**DATASET EXTRACT**
______

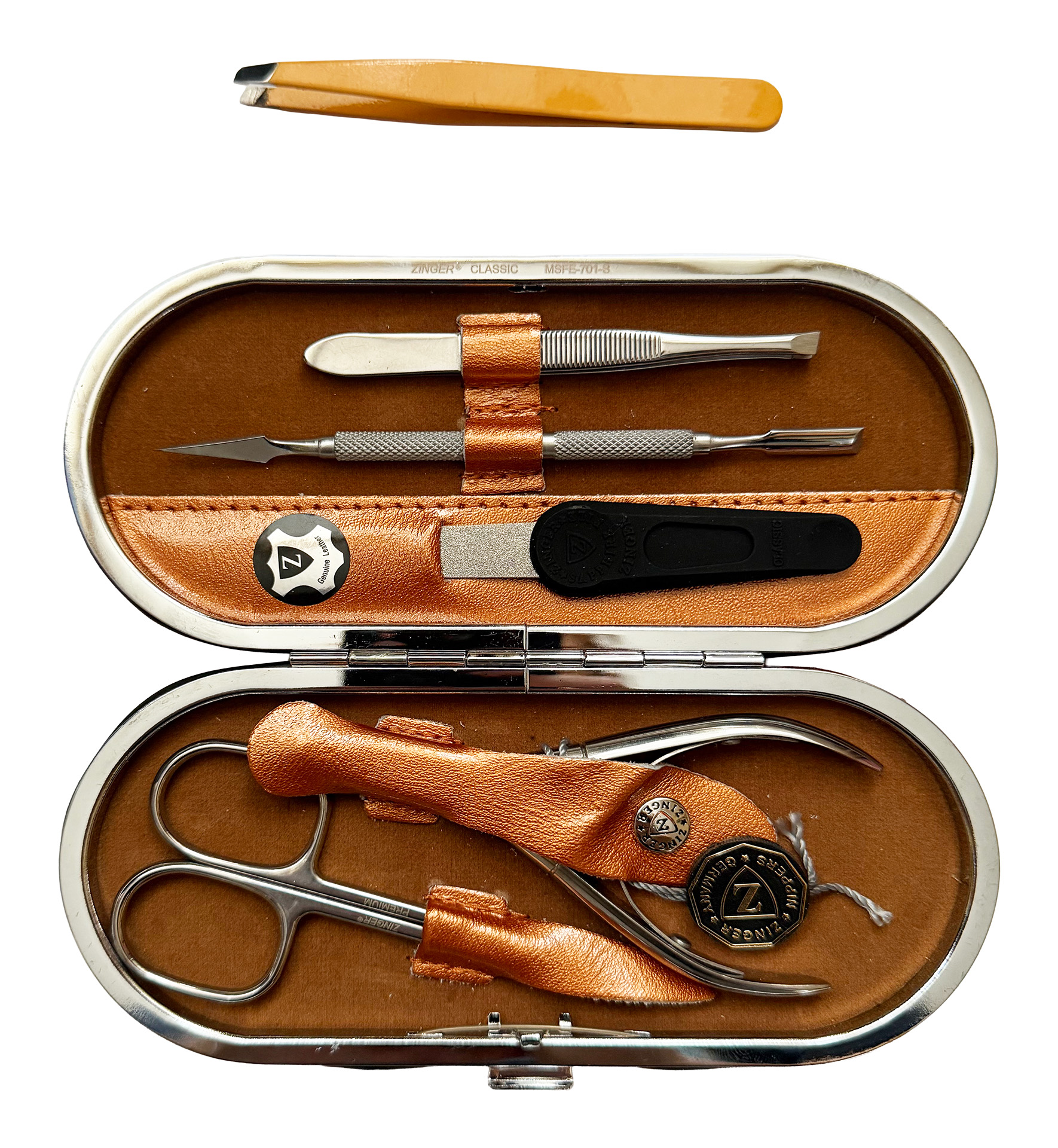 Маникюрный набор Premium-качества Zinger MSFE-701-3 S, 5 предметов + пинцетМаникюрный набор c инструментами Premium-качества ZINGER MSFE-701-3 SM. Футляр изготовлен из натуральной кожи. Внутренняя отделка футляра - мягкий велюр, имитация замши. Подарочная коробка с логотипом, внутри отделана бархатной бумагой. В набор входят 7 предметов: кусачки для кутикулы, ножницы для кутикулы, пинцет скошенный, пилка алмазная, 2 металлических пушера, триммер. Отдельно - подарок - пинцет в контейнере.Производитель: Zinger Цвет * Недоступно Недоступно Недоступно Недоступно 6 583,00 ₽ Количество: В корзину Пользовательский список пожеланий OKДобавить в список пожеланийСравнитьСообщить другуИнструменты изготовлены из высококачественной стали марки AISI 420 (40Х13). Технология закалки позволяет сочетать необходимую упругость и высокую твёрдость металла. Вся серия заточена вручную, по стандартам мастеров маникюра: с дополнительной обработкой лезвий и полировкой кончиков. Инструменты произведены в Италии.Набор подходит как для домашнего, так и для профессионального использованияЦвет напыления-серебристый.ХарактеристикиИмя атрибутаЗначение атрибутаКоличество в упаковке5 + 1 шт.ПроизводствоЮжная Корея
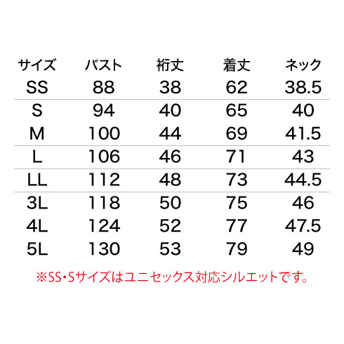 ※SS・Sサイズはユニセックスサイズです。
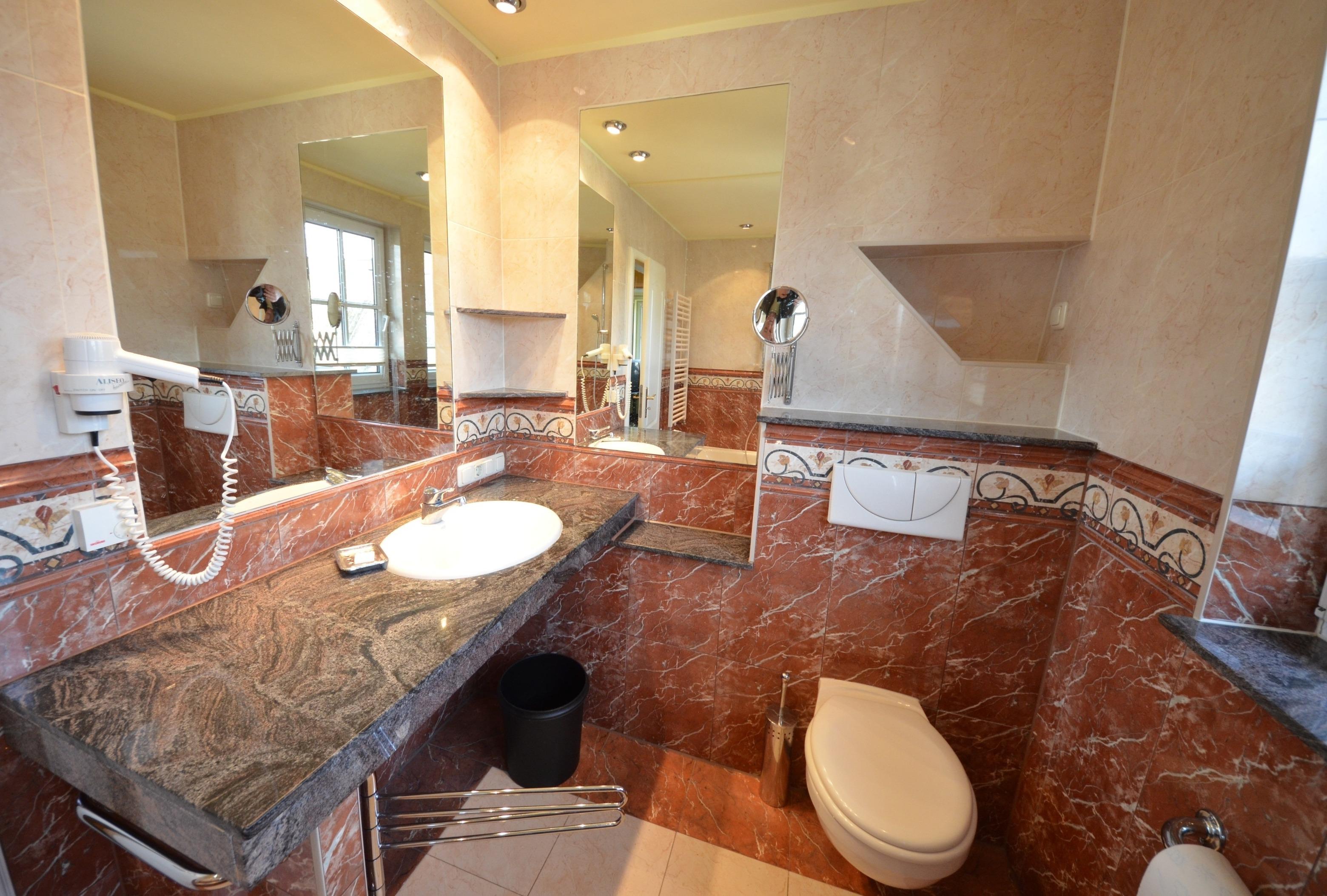 mit 2 großen Fenstern, Dusche in der Wanne mit Dusch - Trennwand. Fön, Schminkspiegel, Fußbodenheizung, Granit-Natursteinabdeckungen, großflächige Spiegel, schöne Sanitärausstattung in Pargamon, beheizbarer Handtuchhalter.

______

Print out all the material word for word but exclude any images.

**ANSWER TO THIS EXERCISE**
 Маникюрный набор Premium-качества Zinger MSFE-701-3 S, 5 предметов + пинцетМаникюрный набор c инструментами Premium-качества ZINGER MSFE-701-3 SM. Футляр изготовлен из натуральной кожи. Внутренняя отделка футляра - мягкий велюр, имитация замши. Подарочная коробка с логотипом, внутри отделана бархатной бумагой. В набор входят 7 предметов: кусачки для кутикулы, ножницы для кутикулы, пинцет скошенный, пилка алмазная, 2 металлических пушера, триммер. Отдельно - подарок - пинцет в контейнере.Производитель: Zinger Цвет * Недоступно Недоступно Недоступно Недоступно 6 583,00 ₽ Количество: В корзину Пользовательский список пожеланий OKДобавить в список пожеланийСравнитьСообщить другуИнструменты изготовлены из высококачественной стали марки AISI 420 (40Х13). Технология закалки позволяет сочетать необходимую упругость и высокую твёрдость металла. Вся серия заточена вручную, по стандартам мастеров маникюра: с дополнительной обработкой лезвий и полировкой кончиков. Инструменты произведены в Италии.Набор подходит как для домашнего, так и для профессионального использованияЦвет напыления-серебристый.ХарактеристикиИмя атрибутаЗначение атрибутаКоличество в упаковке5 + 1 шт.ПроизводствоЮжная Корея
 ※SS・Sサイズはユニセックスサイズです。
 mit 2 großen Fenstern, Dusche in der Wanne mit Dusch - Trennwand. Fön, Schminkspiegel, Fußbodenheizung, Granit-Natursteinabdeckungen, großflächige Spiegel, schöne Sanitärausstattung in Pargamon, beheizbarer Handtuchhalter.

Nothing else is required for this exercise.